[Records from a collection]
------------------------------

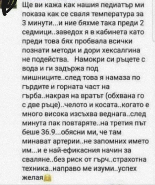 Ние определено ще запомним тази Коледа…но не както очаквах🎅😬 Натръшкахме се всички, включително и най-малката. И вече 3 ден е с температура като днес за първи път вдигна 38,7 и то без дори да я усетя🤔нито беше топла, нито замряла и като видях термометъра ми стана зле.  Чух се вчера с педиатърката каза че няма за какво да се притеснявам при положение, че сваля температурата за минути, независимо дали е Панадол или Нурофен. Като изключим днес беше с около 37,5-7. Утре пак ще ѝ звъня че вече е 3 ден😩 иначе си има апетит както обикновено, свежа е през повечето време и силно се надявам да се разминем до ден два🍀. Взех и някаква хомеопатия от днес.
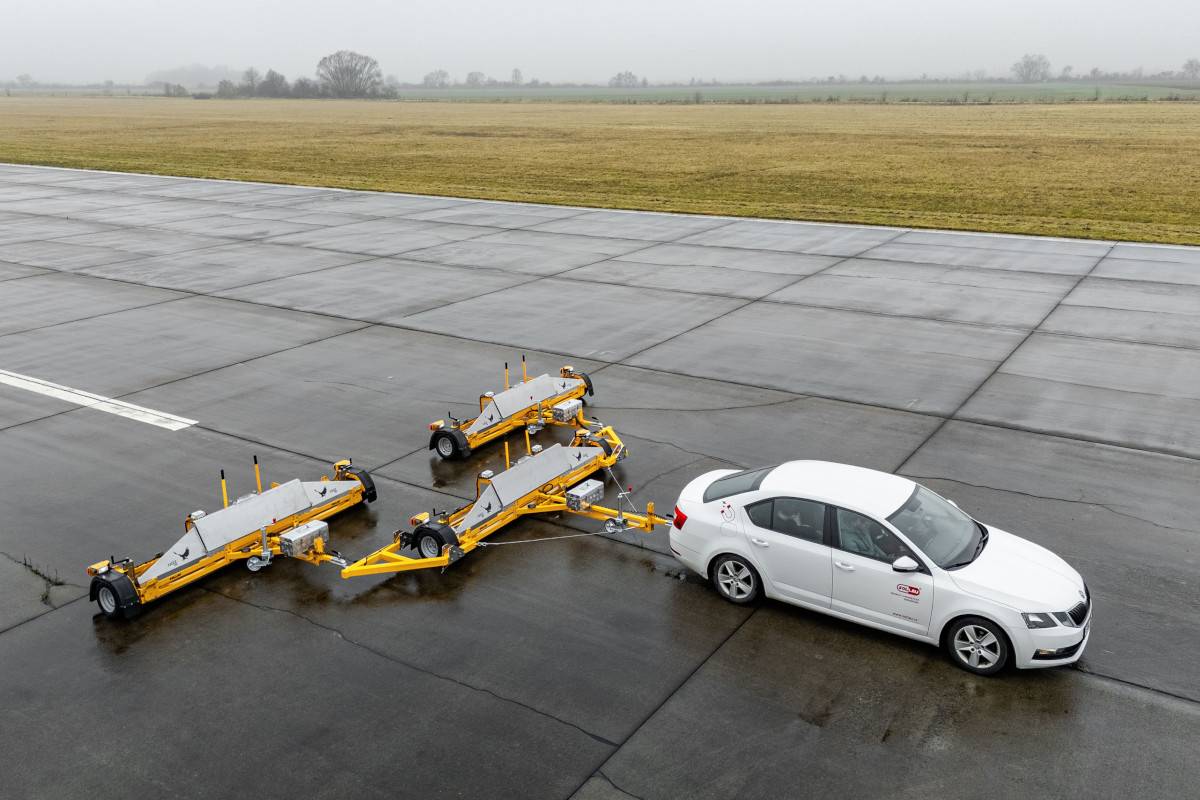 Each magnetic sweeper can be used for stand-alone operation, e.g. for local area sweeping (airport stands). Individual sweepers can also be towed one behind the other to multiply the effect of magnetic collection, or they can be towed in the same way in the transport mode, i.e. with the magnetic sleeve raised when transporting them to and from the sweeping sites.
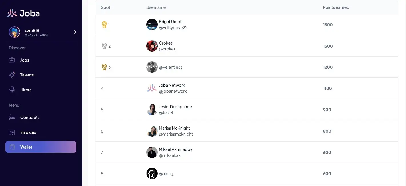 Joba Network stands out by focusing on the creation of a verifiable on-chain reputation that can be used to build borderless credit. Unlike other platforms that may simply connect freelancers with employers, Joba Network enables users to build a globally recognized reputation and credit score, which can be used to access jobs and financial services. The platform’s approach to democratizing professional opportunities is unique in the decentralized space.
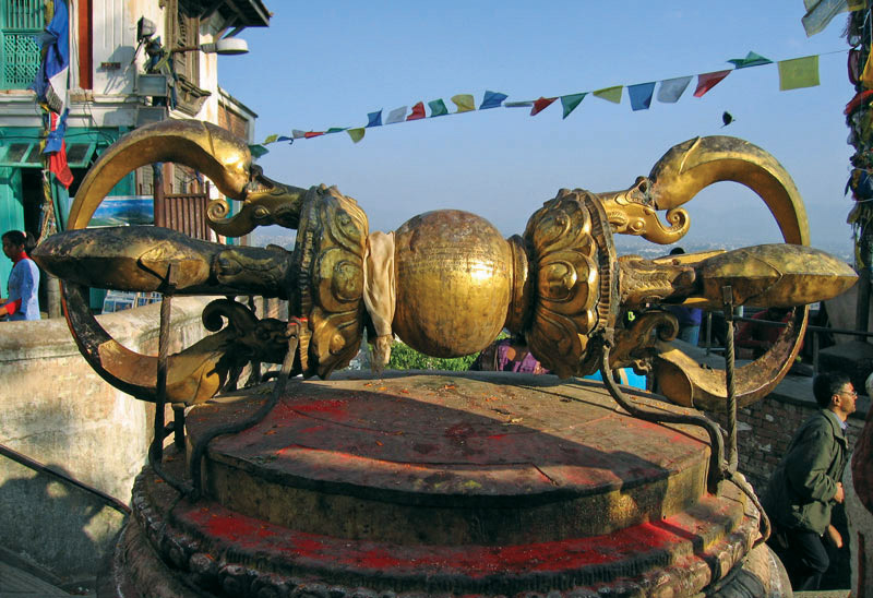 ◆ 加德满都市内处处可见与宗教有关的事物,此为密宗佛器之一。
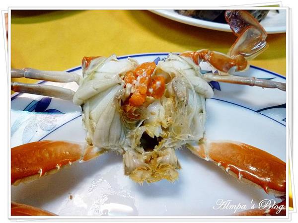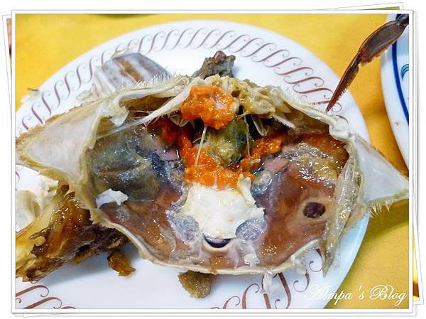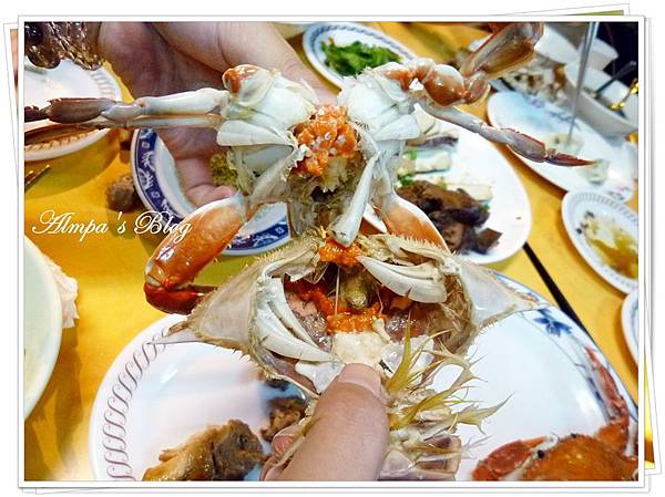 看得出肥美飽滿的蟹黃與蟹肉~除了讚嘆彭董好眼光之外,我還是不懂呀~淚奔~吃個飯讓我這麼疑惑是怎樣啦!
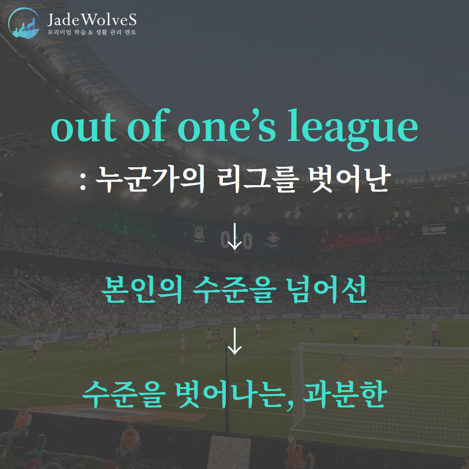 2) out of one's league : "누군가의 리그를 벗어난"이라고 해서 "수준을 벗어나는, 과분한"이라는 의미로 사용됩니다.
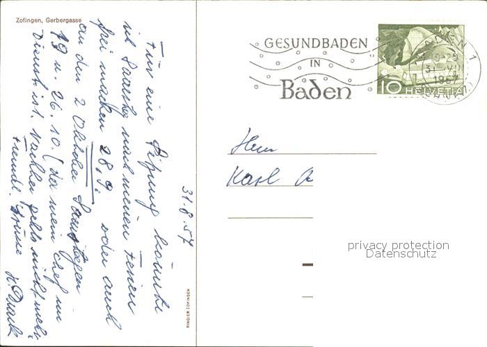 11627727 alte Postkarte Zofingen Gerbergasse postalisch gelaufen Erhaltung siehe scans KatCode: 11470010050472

------------------------------

WHAT IS EXPECTED: What is needed here is each line above set down word for word, minus the images.

YOUR RESPONSE:
 Ние определено ще запомним тази Коледа…но не както очаквах🎅😬 Натръшкахме се всички, включително и най-малката. И вече 3 ден е с температура като днес за първи път вдигна 38,7 и то без дори да я усетя🤔нито беше топла, нито замряла и като видях термометъра ми стана зле.  Чух се вчера с педиатърката каза че няма за какво да се притеснявам при положение, че сваля температурата за минути, независимо дали е Панадол или Нурофен. Като изключим днес беше с около 37,5-7. Утре пак ще ѝ звъня че вече е 3 ден😩 иначе си има апетит както обикновено, свежа е през повечето време и силно се надявам да се разминем до ден два🍀. Взех и някаква хомеопатия от днес.
 Each magnetic sweeper can be used for stand-alone operation, e.g. for local area sweeping (airport stands). Individual sweepers can also be towed one behind the other to multiply the effect of magnetic collection, or they can be towed in the same way in the transport mode, i.e. with the magnetic sleeve raised when transporting them to and from the sweeping sites.
 Joba Network stands out by focusing on the creation of a verifiable on-chain reputation that can be used to build borderless credit. Unlike other platforms that may simply connect freelancers with employers, Joba Network enables users to build a globally recognized reputation and credit score, which can be used to access jobs and financial services. The platform’s approach to democratizing professional opportunities is unique in the decentralized space.
 ◆ 加德满都市内处处可见与宗教有关的事物,此为密宗佛器之一。
 看得出肥美飽滿的蟹黃與蟹肉~除了讚嘆彭董好眼光之外,我還是不懂呀~淚奔~吃個飯讓我這麼疑惑是怎樣啦!
 2) out of one's league : "누군가의 리그를 벗어난"이라고 해서 "수준을 벗어나는, 과분한"이라는 의미로 사용됩니다.
 11627727 alte Postkarte Zofingen Gerbergasse postalisch gelaufen Erhaltung siehe scans KatCode: 11470010050472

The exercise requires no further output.